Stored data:
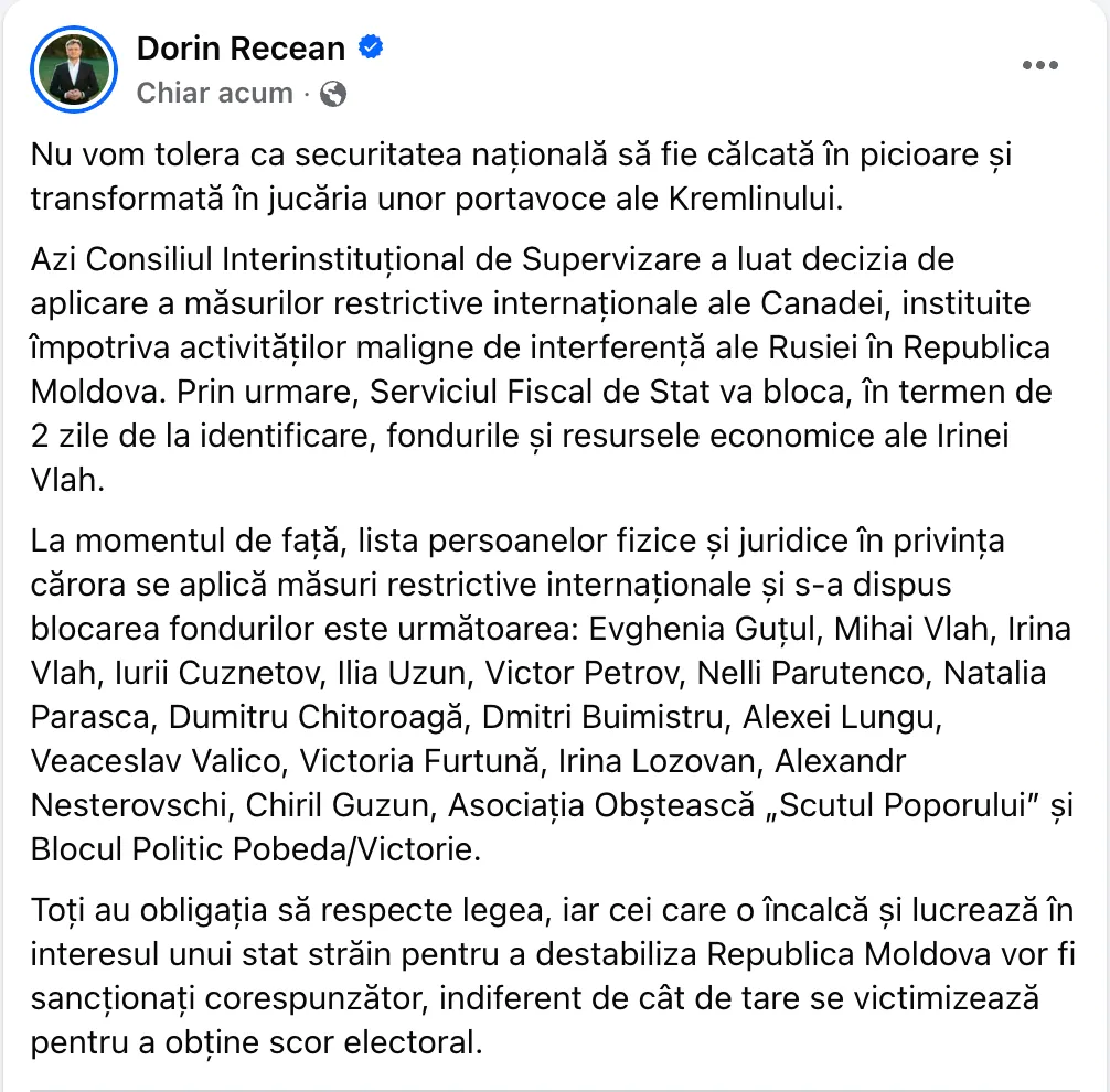 Serviciul Fiscal de Stat va bloca, în termen de două zile de la identificare, fondurile și resursele economice ale Irinei Vlah. Anunțul a fost făcut de premierul Dorin Recean, în contextul în care Consiliul Interinstituțional de Supervizare a luat decizia de aplicare a măsurilor restrictive internaționale ale Canadei, instituite împotriva activităților maligne de interferență ale Rusiei în Republica Moldova.
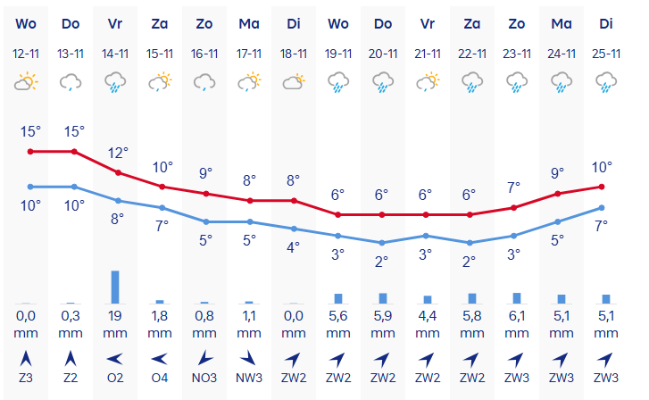 Donderdag verandert het weerbeeld: de bewolking neemt toe en de zon laat zich minder vaak zien. In het zuidoosten kan het met ongeveer 18 graden nog opvallend zacht worden voor november. Vrijdag staat vervolgens in het teken van regen — een groot deel van het land kan zich opmaken voor een kletsnatte dag waarbij de temperatuur al zakt naar de 10 graden.
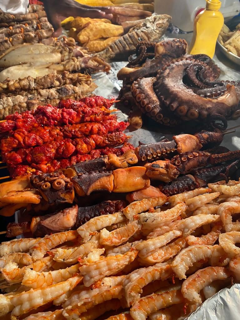 Den Sonnenuntergang verfolgten wir vom Pool, welcher auf dem Dach des Hotels platziert war. Abendessen gab es auf dem Night Food Market, gleich um die Ecke gelegen. Gefühlt hundert Garküchen locken mit Fleisch, Meeresfrüchten, Fisch usw. Die Zubereitung erfolgt direkt vor den Augen – äußerst köstlich. Damit ließen wir den Abend ausklingen.
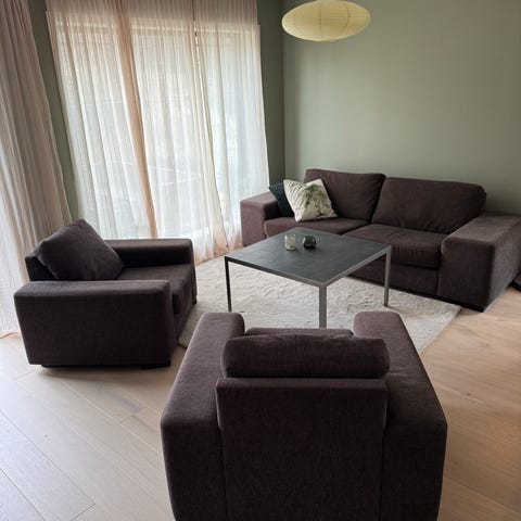 2-seter sofa i brunt stoff, sort understell, uten armlen venstre og med armlen h
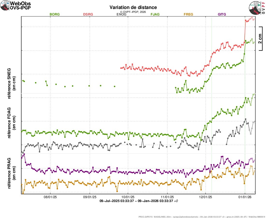 Besondere Bedeutung kommt den gemessenen Strain-Änderungen zu. Das Dehnungsmessgerät DRUV registrierte ab dem 7. Januar eine Phase rascher Kompression von rund 20 Nanodehnungen, gefolgt von einer langsamen Dekompression und einem derzeit oszillierenden Verhalten. Diese Kompression wird als Ausdruck einer Druckentlastung des magmatischen Speichersystems interpretiert. Durch den anhaltenden Abfluss von Magma über die Eruptionsspalten verliert das Reservoir Volumen, wodurch das umgebende Gestein leicht nach innen reagiert. Die fehlenden Veränderungen im GNSS-Netz unterstreichen, dass es sich um eine moderate, lokal begrenzte Deflation handelt. Insgesamt deuten die Daten auf eine stabile effusive Phase hin, ohne Hinweise auf eine bevorstehende Intensivierung der Aktivität.
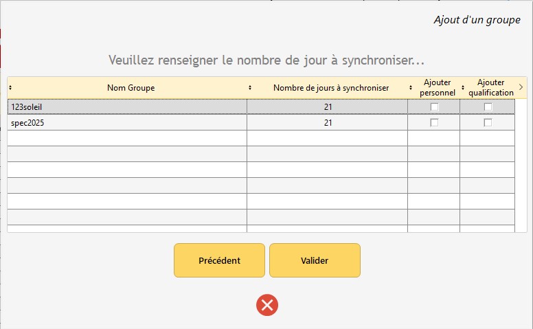 1/ Double-cliquez sur le nombre de jours à synchroniser directement dans la table.

§ YOUR TASK: Excluding all pictures, print exactly and only the lines from the line with "2-seter sofa i" through the end of the records above, both ends included.

§ RESULT OF THIS EXERCISE:
 2-seter sofa i brunt stoff, sort understell, uten armlen venstre og med armlen h
 Besondere Bedeutung kommt den gemessenen Strain-Änderungen zu. Das Dehnungsmessgerät DRUV registrierte ab dem 7. Januar eine Phase rascher Kompression von rund 20 Nanodehnungen, gefolgt von einer langsamen Dekompression und einem derzeit oszillierenden Verhalten. Diese Kompression wird als Ausdruck einer Druckentlastung des magmatischen Speichersystems interpretiert. Durch den anhaltenden Abfluss von Magma über die Eruptionsspalten verliert das Reservoir Volumen, wodurch das umgebende Gestein leicht nach innen reagiert. Die fehlenden Veränderungen im GNSS-Netz unterstreichen, dass es sich um eine moderate, lokal begrenzte Deflation handelt. Insgesamt deuten die Daten auf eine stabile effusive Phase hin, ohne Hinweise auf eine bevorstehende Intensivierung der Aktivität.
 1/ Double-cliquez sur le nombre de jours à synchroniser directement dans la table.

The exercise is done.